WKRS
- Waukegan, Illinois; United States;
- Broadcast area: Northeastern Illinois; Southeastern Wisconsin;
- Frequency: 1220 kHz
- Branding: TUDN Radio

Programming
- Format: Spanish Sports
- Affiliations: TUDN Radio; Chicago Fire Soccer Club; Chicago White Sox;

Ownership
- Owner: Connoisseur Media; (Alpha Media Licensee LLC);
- Sister stations: WCCQ; WERV-FM; WIIL; WJOL; WSSR; WXLC; WZSR;

History
- First air date: September 25, 1949
- Call sign meaning: Waukegan Radio Station

Technical information
- Licensing authority: FCC
- Facility ID: 10450
- Class: D
- Power: 1,000 watts day; 90 watts night;
- Transmitter coordinates: 42°20′59.1″N 87°52′53.3″W﻿ / ﻿42.349750°N 87.881472°W

Links
- Public license information: Public file; LMS;
- Webcast: Listen live
- Website: www.tudn1220.com

= WKRS =

Radio station in Waukegan, Illinois

WKRS (1220 AM) is a radio station broadcasting a Spanish-language sports format. Licensed to Waukegan, Illinois, United States, the station is owned by Connoisseur Media, through licensee Alpha Media Licensee LLC, and features programming from TUDN Radio. Its transmitter is located in Waukegan, while its studios are based in the north end of the Gurnee Mills mall in Gurnee.

==History==
The station began broadcasting September 25, 1949. It ran 1,000 watts during daytime hours only, and was owned by The News-Sun Broadcasting Company. In 1983, WKRS was sold to Roger E. Kaplan, owner of 102.3 WXLC, for $650,000. In 1987, the station was sold to H&D Radio Limited Partnership, along with WXLC, for $5.5 million. In 1997, it was sold to Spring Broadcasting, and in 1999 it was sold to Belvidere Broadcasting, along with WXLC, for $4.3 million. In 2000, the station was sold to NextMedia Group, along with WXLC, for $9.4 million.

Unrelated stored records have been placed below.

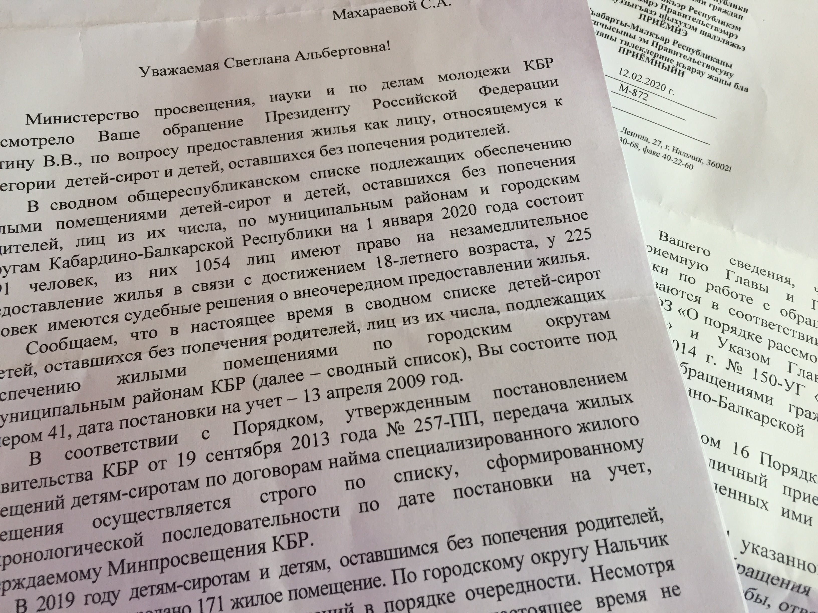Обратились к Уполномоченному по правам ребенка с просьбой о помощи в устройстве младшего ребенка в ясли, чтобы Светлана могла устроиться на работу. У нас приняли письмо. Теперь ждем ответа. Также мы обратились в Общественный народный контроль КБР и попросили содействия в решении ее квартирного вопроса.
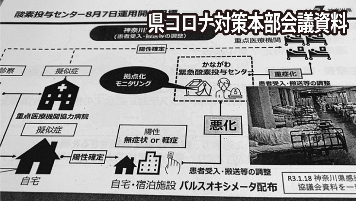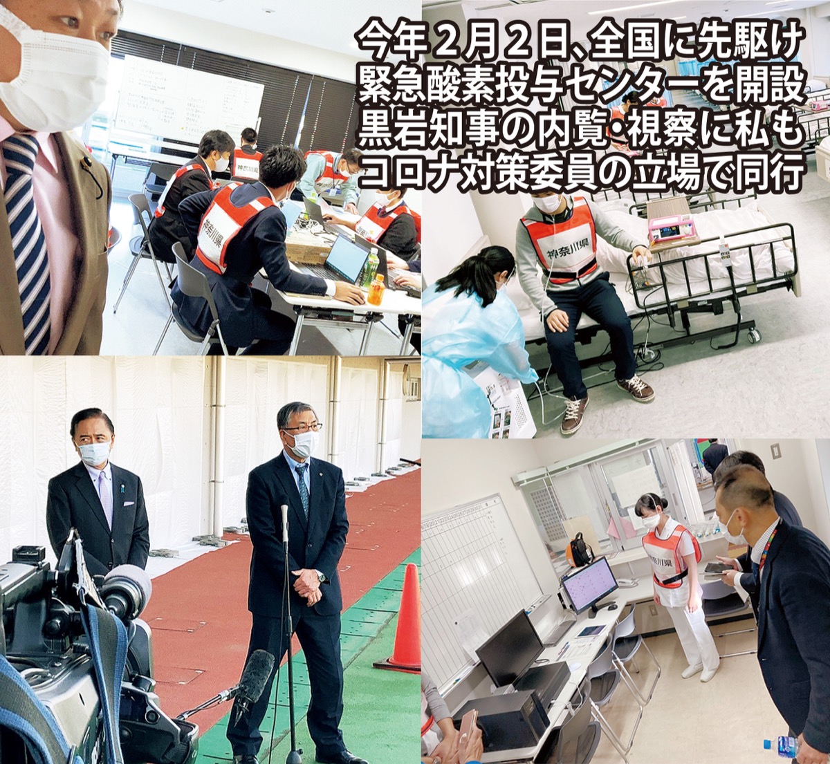入院調整も困難を極めて います。患者の搬送先が 決まる迄の間、酸素投与 をするため一時的に入る 「酸素ステーション」は、既に県で稼働しています。同施設は全国に先駆けて設置し、私も知事の内覧に同行しました。視察の様子は、テレビや新聞等メディアを通じ広く報道されました。新型コロナ中等症患者を対象とした県の臨時医療施設の設置も議会で実現しました。
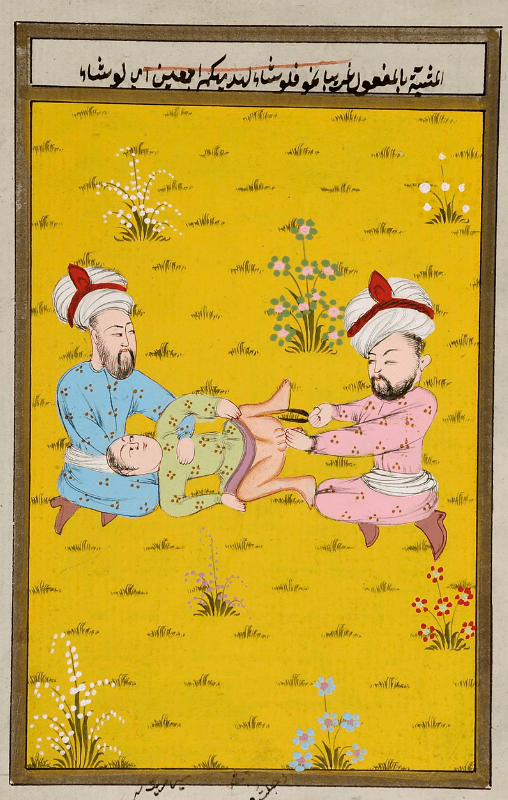 (Image from Wikimedia Commons: Circumcision of a male infant, Ottoman Empire.)
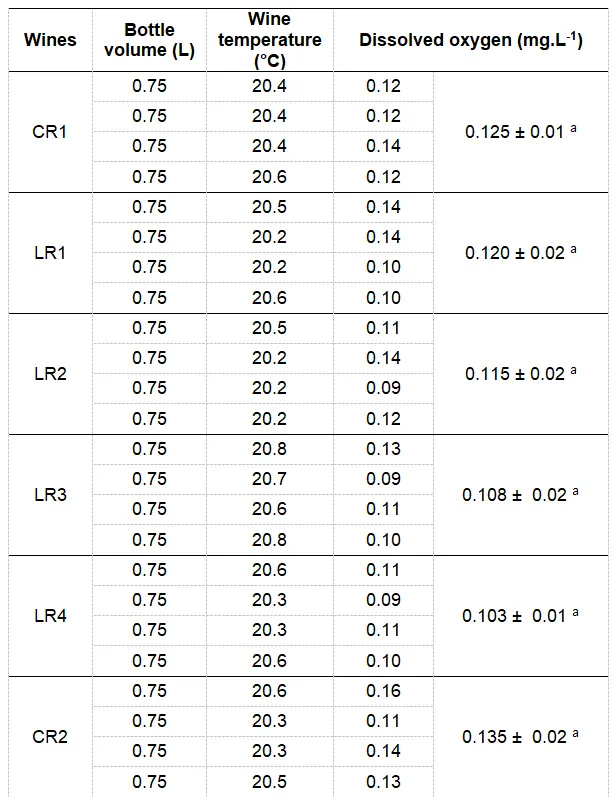 装瓶后,每款葡萄酒的溶解氧浓度见表S1(补充数据)。
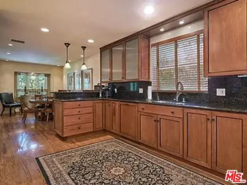 This 2BD/2BA ~2,000 sqft traditional home is located in the highly-desirable neighborhood of Beverlywood. Step through a double-door into a foyer which leads to an impressive living room with dramatic vaulted ceilings, skylights, recessed lighting, French doors, and gleaming hardwood floors. Venetian plaster lines most walls and allows light to reflect from one room to another. A spacious kitchen showcases stainless-steel appliances, custom-made cabinets, and granite counter tops. A dining area is adjacent to the kitchen, as is a laundry room. The master bedroom has a travertine fireplace, floor-to-ceiling windows, and a walk-in-closet. Master bath has dual sinks, spa tub, water closet, and an oversized step in shower. Another large bedroom (with access to a bathroom) has French doors to the backyard. The backyard area is a “secret garden”-like setting with lush, colorful vegetation and a soothing fountain.
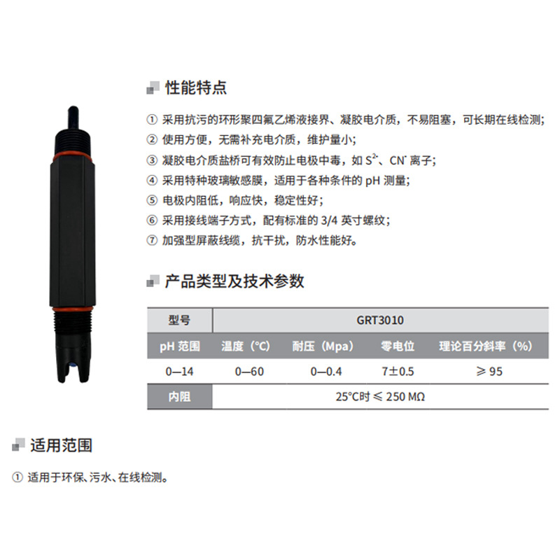 GRT3010-3M (водонепроницаемый PH-электрод в пластиковом корпусе); GRT3010W-3M (водонепроницаемый PH-электрод в пластиковом корпусе + PT1000); GRT3010P-3M (водонепроницаемый ОВП-электрод в пластиковом корпусе)

Between 1949 and 2012, WKRS had been a longtime English language radio station broadcasting local news and information for the Lake County region. Personalities heard on WKRS included national hosts Laura Ingraham, Michael Savage, Bill O'Reilly, and Dave Ramsey, along with local hosts Al Salvi, Libby Collins, and Lenny Palmer, The Jack Taylor Program, among others. Known at times as "The Voice Of Lake County" and "The Talk of Lake County", WKRS also broadcast Lake County Fielders minor league baseball games as well as high school sports for the Lake County area.

Among its alumni are Chicago TV reporters Anita Padilla, Matt Rodewald, and Susan Carlson.

===Spanish-language era===
In January 2012, it was announced that the station would drop its longtime English-language talk format in favor of a Spanish-language sports format, with programming from ESPN Deportes Radio, effective February 1, 2012.

In 2014, WKRS and NextMedia's 32 other radio stations were sold to Digity, LLC for $85 million. In 2016, Digity, LLC was purchased by Alpha Media for $264 million.

After ESPN Deportes Radio was discontinued on September 8, 2019, the station became an affiliate of TUDN Radio.

Alpha Media merged with Connoisseur Media on September 4, 2025.